De gieren in de haven vliegen op grote hoogte, trots, één en al vrijheid. Eén gaat hoger en hoger. Hij doet mij denken aan The Falcon, de valk van Joseph Brodski die hij zo prachtig voordroeg in Amsterdam.
Adam en ik hebben zojuist twee hangmatten opgehangen tussen de ijzeren staanders op het dek van Voyagers, het vrachtschip waarop wij door de Amazone van Manaus naar Tabatinga gaan varen, een reis van 2000 kilometer. We keren terug naar de stad in afwachting van het vertrek. Na terugkeer blijken onze hangmatten omringd en gescheiden te zijn door andere hangmatten, in rijen naast, boven en onder elkaar. Eenmaal in beweging zie ik vanuit mijn hangmat de bomen voorbij glijden, alsof zíj voorbij trekken in plaats van wij. Bomen worden schilderijen, zoals destijds Lake Manasbal aan de voet van de Himalaya een levend schilderij was vanuit onze woonboot. Vannacht transformeerde de Amazone in een schilderij van Rousseau le Douanier. Perceptie is altijd gelaagd, alleen niet in de Sahara.

Rio Solimoês, 13 april

19.00 uur. Vandaag lange tijd naar de rivier – die eindeloos lijkende, brede rivier Solimoês gekeken; naar luchten met zon en wolken en naar bomen. Vanuit de boot hoor ik, spijtig genoeg, geen vogels. Ik zie hen ook nauwelijks. In Forte Boa, de eerste halte van de Voyagers, proberen we het oerwoud binnen te gaan.

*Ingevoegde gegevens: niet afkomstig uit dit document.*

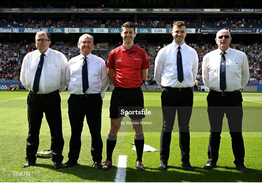11 June 2023; Referee Seán Stack and his umpires before the Leinster GAA Hurling Senior Championship Final match between Kilkenny and Galway at Croke Park in Dublin. Photo by Stephen Marken/Sportsfile

Een man leest in de Psalmen. Zonder moeite kan ik Psalm 92 met hem meelezen, hoewel het in Portugees is: de mens stelt niets voor, alleen de Allerhoogste. Het humanisme probeert deze gespletenheid in het bewustzijn, deze dualiteit, te doorbreken. Daarover moet mijn inaugurale rede gaan. Ik heb er vandaag aan gewerkt. Ook lees ik in Seth spreekt van Jane Roberts. Zojuist overviel me een gevoel van vreugde. Als het bewustzijn, het creatieve bewustzijn, de bron is van alle vormen en zich permanent vernieuwt met leven en dood als overgangen van de ene mentale staat in een andere, al of niet fysiek, dan is er reden voor grote vreugde. De bron van alle werkelijkheid is hier en overal, nu en altijd. Vannacht ga ik hierover dromen. Ik laat alle geliefden verschijnen &ndash we zullen elkaars steeds opnieuw ontmoeten, misschien wel in gedaante verwisseling. Wat er ook gebeurt, sterven wordt het meest spannende moment van het leven: in zekere zin een nieuwe geboorte, even pijnlijk of spontaan als de vorige geboorte. Alma ‘gelooft’ in de teksten van Seth, maar ze klinken ietwat abstract voor een Spreker of Ingewijde, te filosofisch, al zullen weinig filosofen deze tekst(en) als filosoof serieus nemen.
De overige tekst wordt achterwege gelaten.